── Recorded information ──

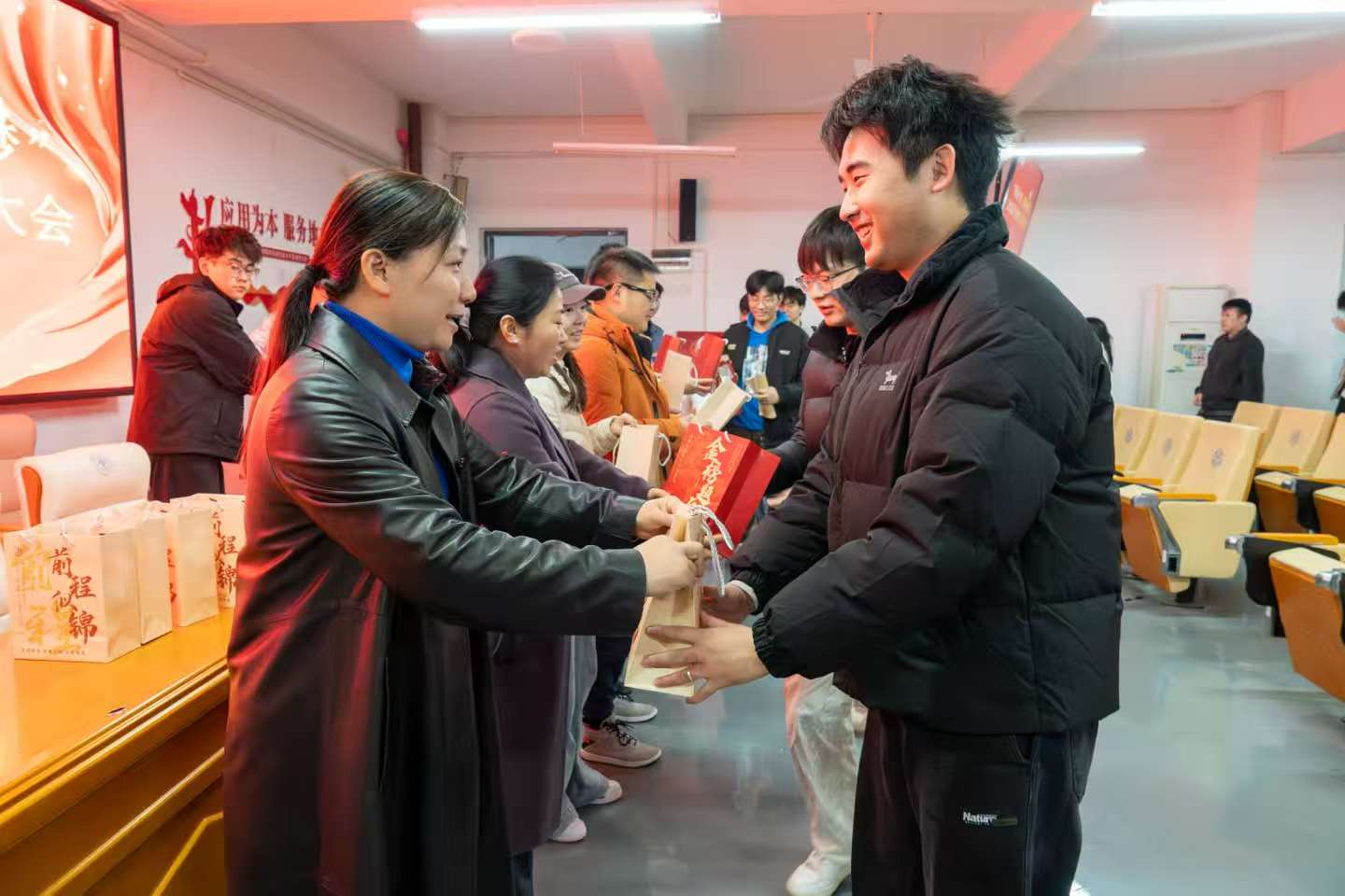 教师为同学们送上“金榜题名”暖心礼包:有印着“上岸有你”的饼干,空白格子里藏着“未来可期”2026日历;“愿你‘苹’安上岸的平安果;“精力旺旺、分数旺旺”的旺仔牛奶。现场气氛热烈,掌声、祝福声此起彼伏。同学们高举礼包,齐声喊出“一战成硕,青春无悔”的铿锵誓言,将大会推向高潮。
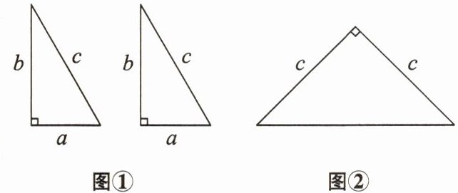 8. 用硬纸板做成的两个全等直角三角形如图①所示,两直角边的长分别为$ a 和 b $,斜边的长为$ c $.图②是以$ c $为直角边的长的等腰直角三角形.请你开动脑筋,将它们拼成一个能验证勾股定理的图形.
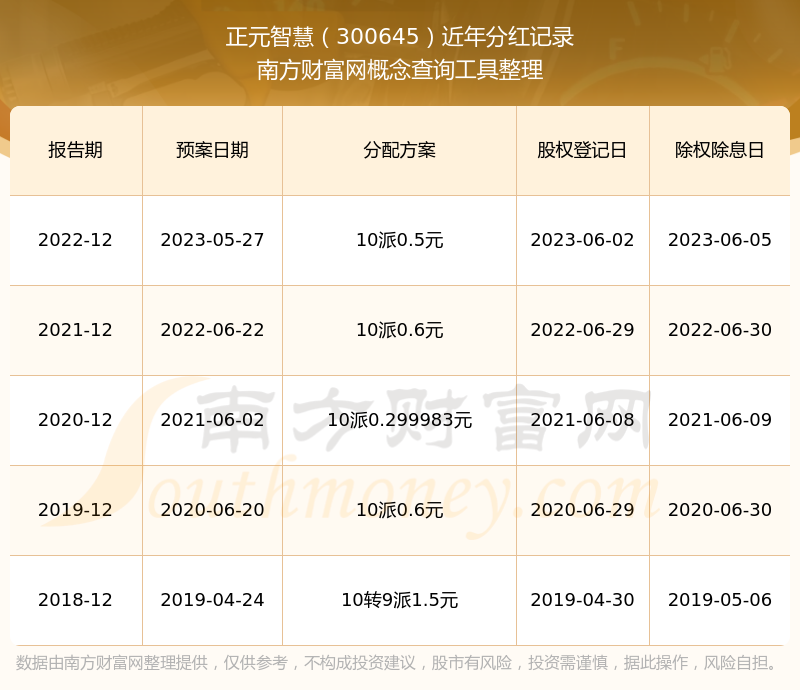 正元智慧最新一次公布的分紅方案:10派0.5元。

───

_Exercise details_
Every line of the data above is to be set down word for word, with the pictures left out.

_Task response_
 教师为同学们送上“金榜题名”暖心礼包:有印着“上岸有你”的饼干,空白格子里藏着“未来可期”2026日历;“愿你‘苹’安上岸的平安果;“精力旺旺、分数旺旺”的旺仔牛奶。现场气氛热烈,掌声、祝福声此起彼伏。同学们高举礼包,齐声喊出“一战成硕,青春无悔”的铿锵誓言,将大会推向高潮。
 8. 用硬纸板做成的两个全等直角三角形如图①所示,两直角边的长分别为$ a 和 b $,斜边的长为$ c $.图②是以$ c $为直角边的长的等腰直角三角形.请你开动脑筋,将它们拼成一个能验证勾股定理的图形.
 正元智慧最新一次公布的分紅方案:10派0.5元。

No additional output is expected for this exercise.